WHAT YOU SHOULD DO: At the line containing "همچنین در فضای", begin repeating lines exactly, and stop only after the final line of the records below.

EXERCISE MATERIALS:
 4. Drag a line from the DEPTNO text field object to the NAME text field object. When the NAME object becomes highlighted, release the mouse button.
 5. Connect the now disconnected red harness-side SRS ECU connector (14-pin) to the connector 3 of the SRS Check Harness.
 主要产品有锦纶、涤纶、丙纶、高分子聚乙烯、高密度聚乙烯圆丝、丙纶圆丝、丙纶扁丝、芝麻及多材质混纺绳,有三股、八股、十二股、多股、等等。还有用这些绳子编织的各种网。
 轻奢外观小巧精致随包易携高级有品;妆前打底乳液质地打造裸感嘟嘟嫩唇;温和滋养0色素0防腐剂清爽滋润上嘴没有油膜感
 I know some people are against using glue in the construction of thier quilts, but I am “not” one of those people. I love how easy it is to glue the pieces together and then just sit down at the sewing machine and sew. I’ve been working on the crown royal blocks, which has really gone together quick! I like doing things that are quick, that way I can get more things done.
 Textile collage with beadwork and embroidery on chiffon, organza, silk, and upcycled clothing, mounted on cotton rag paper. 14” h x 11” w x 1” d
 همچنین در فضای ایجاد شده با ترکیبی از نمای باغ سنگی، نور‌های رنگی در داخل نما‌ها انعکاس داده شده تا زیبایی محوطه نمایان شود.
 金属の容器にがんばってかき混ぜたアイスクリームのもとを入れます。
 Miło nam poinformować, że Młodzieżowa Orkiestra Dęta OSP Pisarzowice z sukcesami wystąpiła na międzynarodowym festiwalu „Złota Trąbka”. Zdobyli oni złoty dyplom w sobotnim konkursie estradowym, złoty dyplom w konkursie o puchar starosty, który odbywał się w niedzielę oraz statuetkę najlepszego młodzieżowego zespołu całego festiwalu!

ANSWER TO THE PROBLEM:
 همچنین در فضای ایجاد شده با ترکیبی از نمای باغ سنگی، نور‌های رنگی در داخل نما‌ها انعکاس داده شده تا زیبایی محوطه نمایان شود.
 金属の容器にがんばってかき混ぜたアイスクリームのもとを入れます。
 Miło nam poinformować, że Młodzieżowa Orkiestra Dęta OSP Pisarzowice z sukcesami wystąpiła na międzynarodowym festiwalu „Złota Trąbka”. Zdobyli oni złoty dyplom w sobotnim konkursie estradowym, złoty dyplom w konkursie o puchar starosty, który odbywał się w niedzielę oraz statuetkę najlepszego młodzieżowego zespołu całego festiwalu!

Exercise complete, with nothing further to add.